Excellence in education: Nevada County early childhood educators recognized | TheUnion.com

Excellence in education: Nevada County early childhood educators recognized

Camila Maben addresses the crowd at Saturday morning's Grass Valley School District Early Quality Matters Program awards and recognition ceremony.
Elias Funez/efunez@theunion.com

Forty-seven child care and education programs and over 114 educators were honored Saturday by Early Quality Matters, a quality and rating system developed by Quality Counts California.

Saturday’s event celebrated local early childhood educators who demonstrate excellence in their fields, including early childhood education centers, family child care homes, family resources centers, and home visiting programs.

Among those honored were Grass Valley school district early childhood education centers Our Kids Place and Grass Valley Little Learners. The list also included Monalee’s Preschool, Amy’s Play Care and Little Leapers Childcare among dozens of others.

First 5 California executive director Camille Maben was on hand to serve as keynote speaker. Maben’s First 5 is a program created by voters under Proposition 10 to recognize children’s health and education are a top priority, especially in the early years of development.

“For the first time ever,” said local Early Quality Matters planning council coordinator Rossnina Dort, “First 5 and the California department of education got together and said, we need to have a unified voice and a statewide system to improve and assess childcare programs, especially for children 0 to 5 years of age.
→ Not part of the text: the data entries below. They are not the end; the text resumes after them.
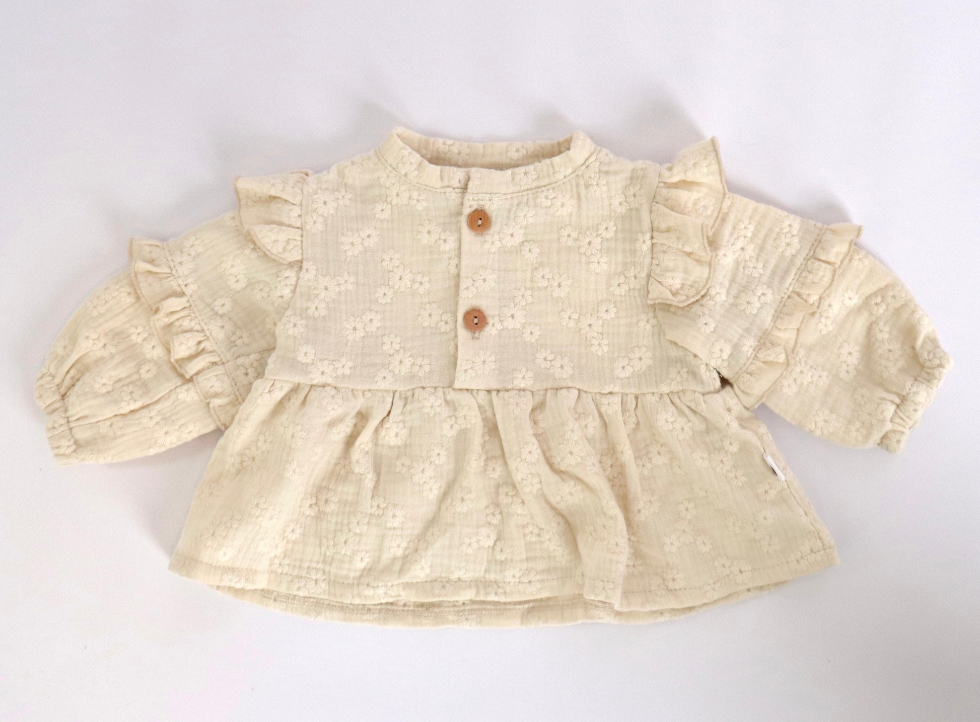Laat je kleintje stralen in deze schattige blouse met ruffels. De blouse is gemaakt van zachte hydrofiel katoen in de kleur beige en voorzien van een knoopsluiting aan de voorkant.
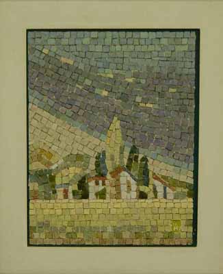 粘土に顔料を練りこんで焼き上げたタイルを細かく割って作り上げたものです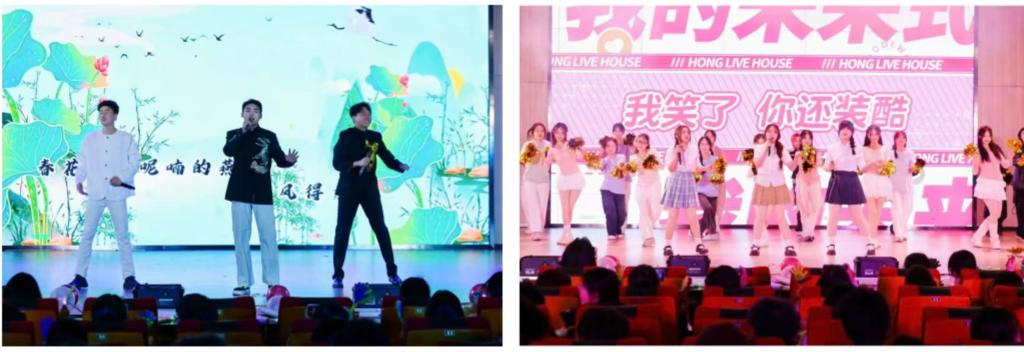 第一篇章里,日本成人电影 舞蹈队的《三色律动》舞步利落、动感十足,勾勒青春多彩风华;2025级新生代班们的歌舞《闪耀》,以热忱舞姿与嘹亮歌声绽放耀眼光芒;魏翰等39名同学合唱的《Try Everything》和声交融,传递无畏尝试的青春信念。篇章尾声,学业类表彰如期举行,获奖者接过荣誉证书,以勤奋与担当诠释榜样力量。教师代表陈虹宇上台分享育人感悟,寄语同学们勤学笃行、修身立德,将个人成长融入国家发展蓝图。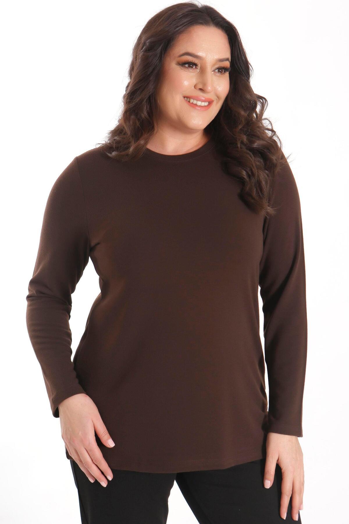 SERTUĞ Trend42Plus Plus Size Basic Crew Neck Brown Blouse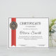 Designed to convey honor and longevity, this certificate features a sophisticated aesthetic with a vertical red award ribbon, a distinguished gold star seal with a laurel wreath border, and a subtle textured background that mimics high-quality security paper. The combination of navy blue serif headers and elegant black script for the recipient's name creates a look of formal importance.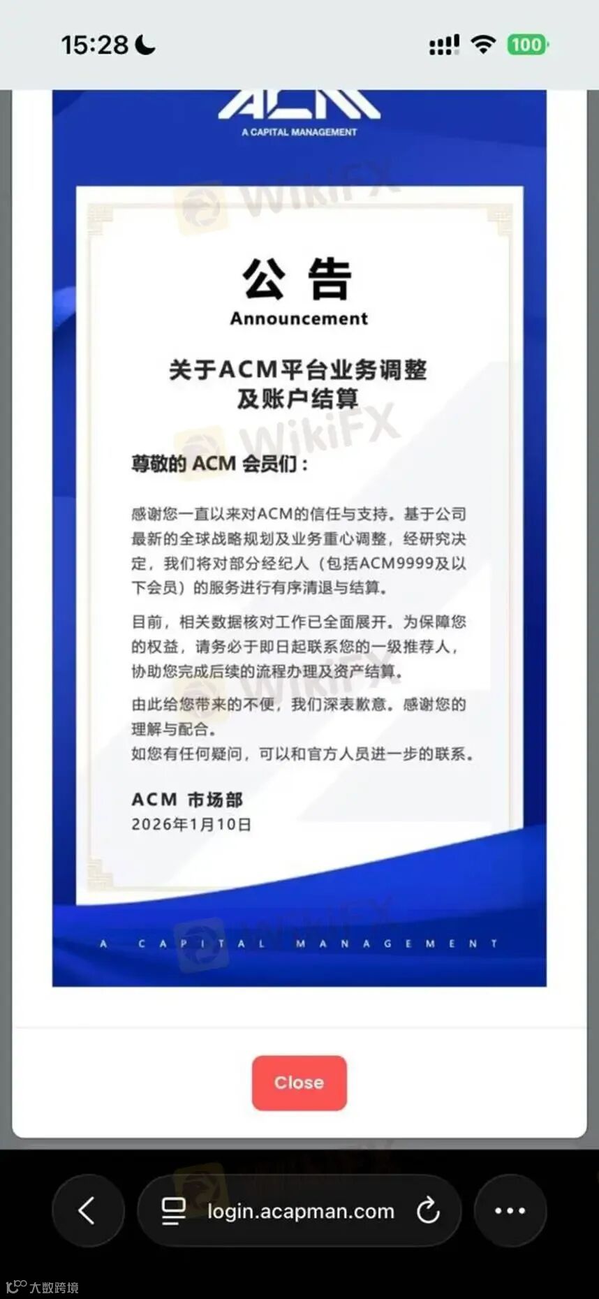 ACM主推“C仓模式”,宣称提供1:1信贷额度,实则将用户本金转移至托管账户并承诺月收益10-15%。2026年1月公告“有序清退”后,仍存在出金拖延超月余、状态长期显示“待处理”问题。
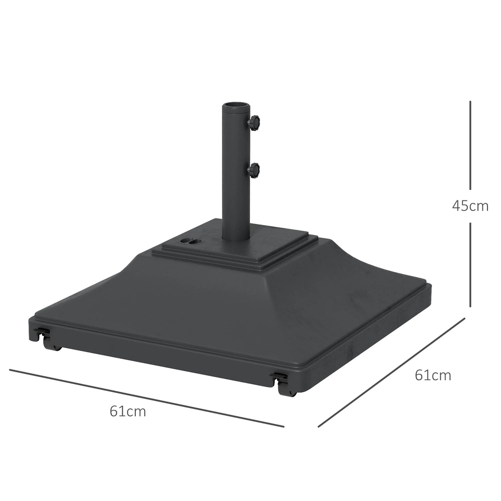 Keep parasol umbrellas firmly held in place: look to this Outsunny patio umbrella base. Made from strong HDPE plastic, this is durable piece, resistant to light wear-and-tear. It's fitted with four wheels to roll easily when full. Fill with 45kg water or 60kg sand for plenty of weight. A powder coated steel pole for the parasol, complete with tightening screws to secure in place.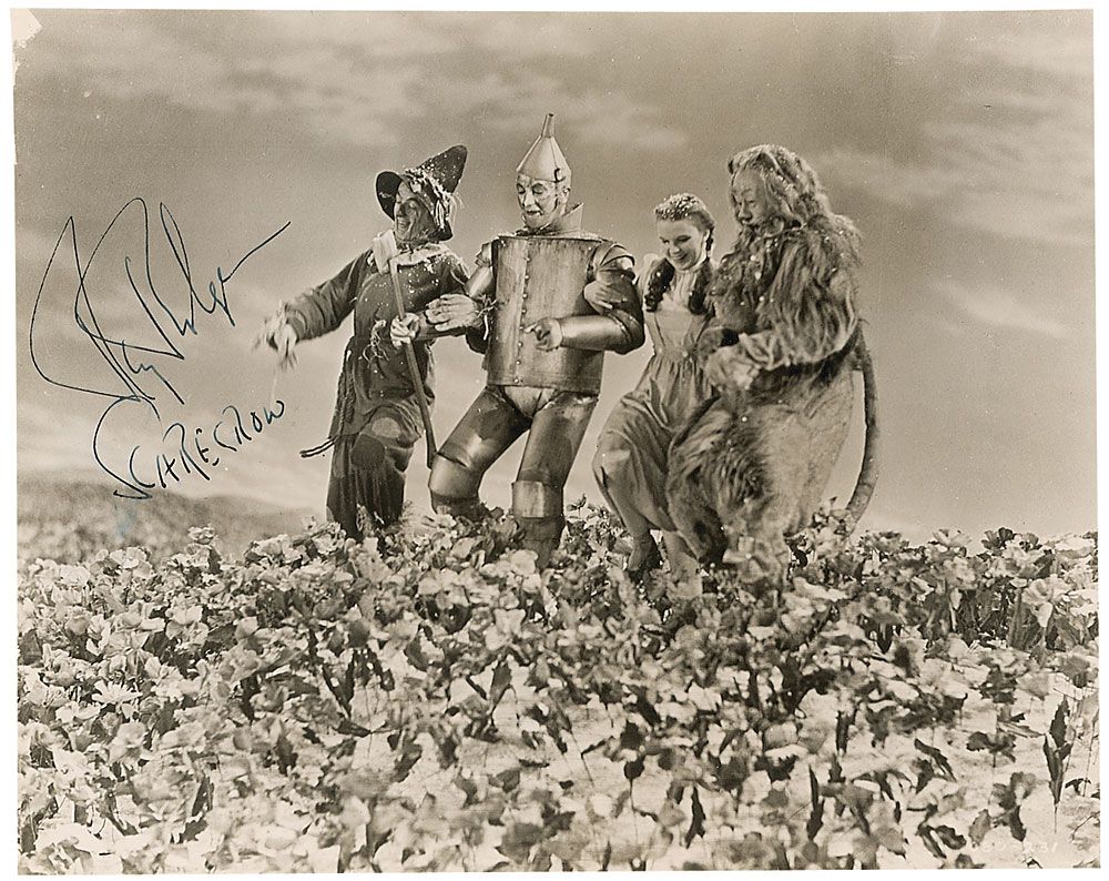 Vintage glossy 9.5 x 7.25 photo of Dorothy and her friends skipping through the poppies, signed in fountain pen, “Ray Bolger, Scarecrow.” In fine condition, with slightly trimmed edges.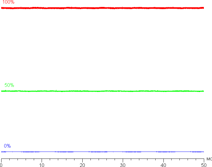 На любом уровне яркости модуляция подсветки отсутствует, что исключает видимое мерцание экрана. Для тех, кто привык распознавать знакомое сокращение, уточним: ШИМ отсутствует. В доказательство приведем графики зависимости яркости (вертикальная ось) от времени (горизонтальная ось) при различных значениях настройки яркости: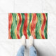 赤金ゴールドグリーンストライプクリスマス ドアマット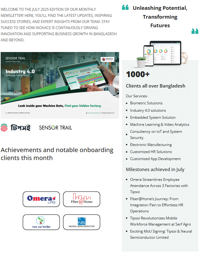 Welcome to the July 2025 edition of our monthly newsletter! Here you’ll find the latest updates, success stories, and expert insights from our team. Stay tuned to discover how Inovace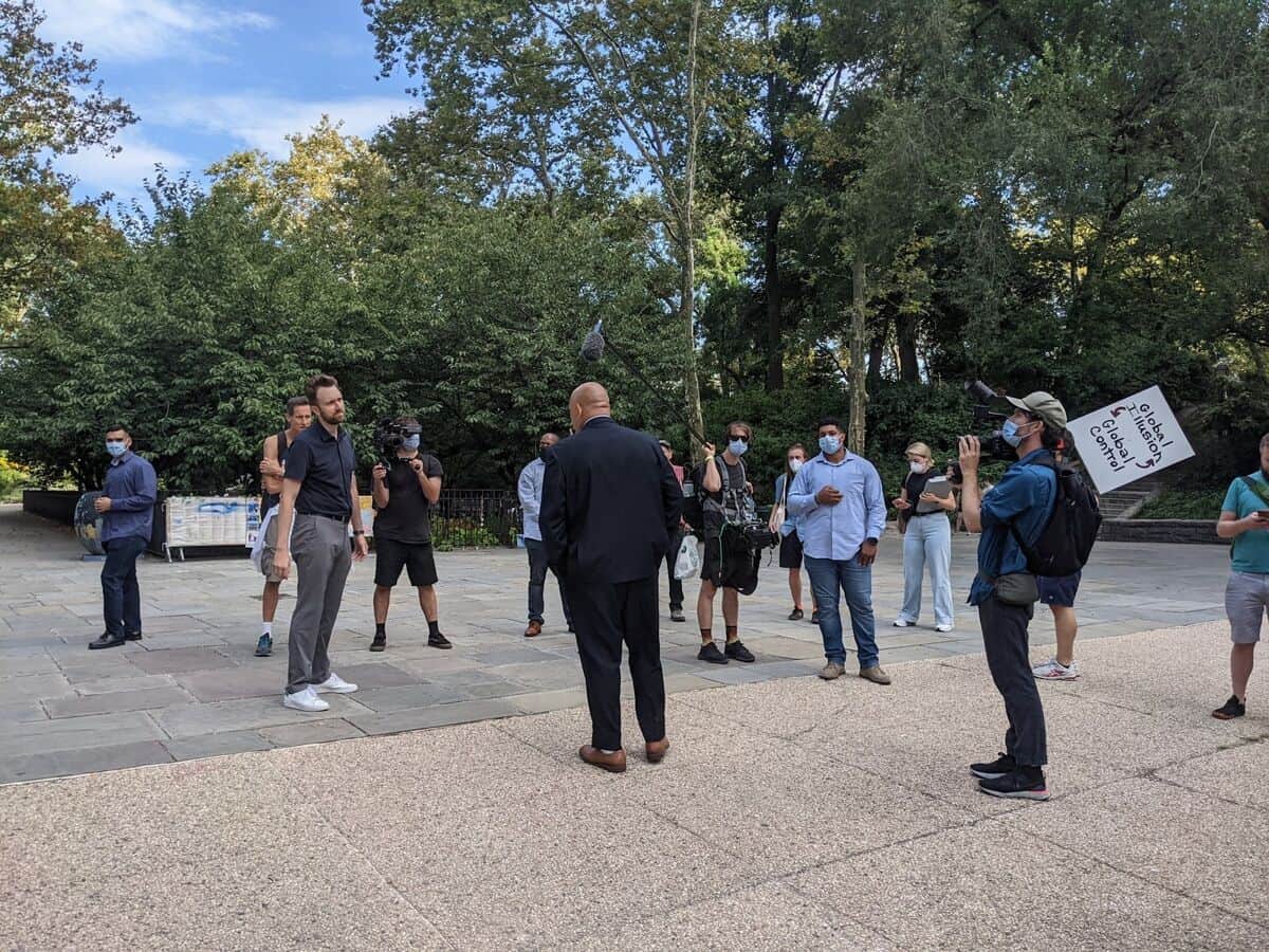 - Source URL: https://en.wikipedia.org/wiki/File:Klepper_interview_NYC_vaccine_mandate_protest.jpg

“What we do is provide enhancements and support systems to the child care programs themselves, as well as provide educational opportunities for teachers to advance their professional development. If they take courses or workshops then they also receive stipends. We provide stipends and any type of networking and coaching opportunities.”

Dort encouraged early childhood education providers to reach out and take advantage of Early Quality Matters. Becoming a member of the collaborative is free, but Dort said there is a lot of work and time involved to be a member.

Of the educators recognized during Saturday’s ceremony, Dort said: “We’re honoring them because this a voluntary program, to go above and beyond licensing. These teachers are very intentional and they understand that there are higher stakes here.”

Grass Valley School District is among the 33 programs rated, Dort explained, with 11 programs in the county being rated a tier 5 — the top score a provider can receive for excellence in the overall learning experience.

“If we want high quality (education), that’s going to happen with the workforce,” Dort said. “If you want a game changer you are going to have to invest in early childhood. That’s how you change children’s outcomes, especially those (who are) low income. The earlier we can see that a child might need help, the better we are in the long run.”

Early Quality Matters serves as the local Quality Rating and Improvement System for Quality Counts California, a statewide improvement initiative meant to ensure high quality care and education for young children.